Teniendo en cuenta las estimaciones de Junk Wax Era, hay un par de puntos adicionales que vale la pena señalar.

  1. Las cifras de producción que vemos en 2025 son sustancialmente mayores que las que hemos visto en los últimos 20 años. Si bien podemos estar muy lejos de la producción de finales de los 80 y principios de los 90, las cifras definitivamente están aumentando sin un final a la vista.
  2. Las cifras máximas de producción se sitúan en algún momento del período 1987-1991, luego disminuyeron a principios de la década de 2000 y han vuelto a aumentar desde aproximadamente 2015. El año de producción más magra fue alrededor de 2009. Para contextualizar, La producción total de Topps Serie 1 de 2009 asciende a ~55 millones de tarjetas totales producidas, o aproximadamente una octava parte de la producción de Topps NBA Flagship 2025-26..
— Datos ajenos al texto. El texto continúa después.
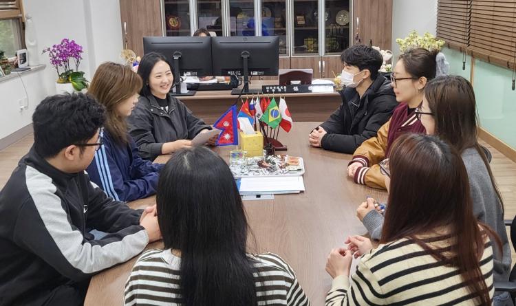 À¯ÇлýµéÀÇ ±³·ù Ȱ¼ºÈ¿Í ¾ÈÁ¤ÀûÀÎ ´ëÇÐ »ýȰ Áö¿ø ¹æ¾È ³íÀǸ¦ À§ÇØ ¸¶·ÃµÈ À̳¯ °£´ãȸ¿¡¼´Â ¿Ü±¹ÀÎ À¯Çлýȸ ȸÀå´Ü ¼Ò°³¿Í ¿ªÇÒÀ» °øÀ¯Çϰí, 1Çбâ À¯Çлýȸ ¿î¿µ °èȹ ¹× ±¹Á¦±³·ùó ÁÖ¿ä ÇÁ·Î±×·¥¿¡ ´ëÇÑ ¾È³»°¡ ÀÌ·ïÁ³´Ù.

Por último, es importante tener en cuenta que esta sobreabundancia percibida de oferta es sólo la mitad de la ecuación. Mientras la demanda del mercado siga el ritmo de la producción, es poco probable que las tiradas actuales planteen un problema inmediato. En este momento, la demanda de nuevos productos sigue siendo fuerte, impulsada por la innovación constante, elementos de persecución agresivos y una base de coleccionistas que todavía está muy comprometida con lo nuevo y brillante. También existe el argumento de que las tiradas de juegos de gama baja como Series 1 Baseball y NBA Flagship deberían aumentar para satisfacer la demanda y servir como un punto de entrada fácilmente disponible para niños y coleccionistas nuevos o ocasionales, mientras que la escasez solo debería ser una consideración para juegos de alta gama más caros.

Sin embargo, mi preocupación no es el presente. Se trata de lo que sucede después, cuando estos productos producidos masivamente envejecen, la atención se desplaza hacia la próxima ola de lanzamientos y la demanda inevitablemente disminuye. La historia sugiere que la oferta tiene una larga memoria, y si bien los niveles de producción actuales pueden ser digeribles en tiempo real, no revelan realmente sus consecuencias hasta años después.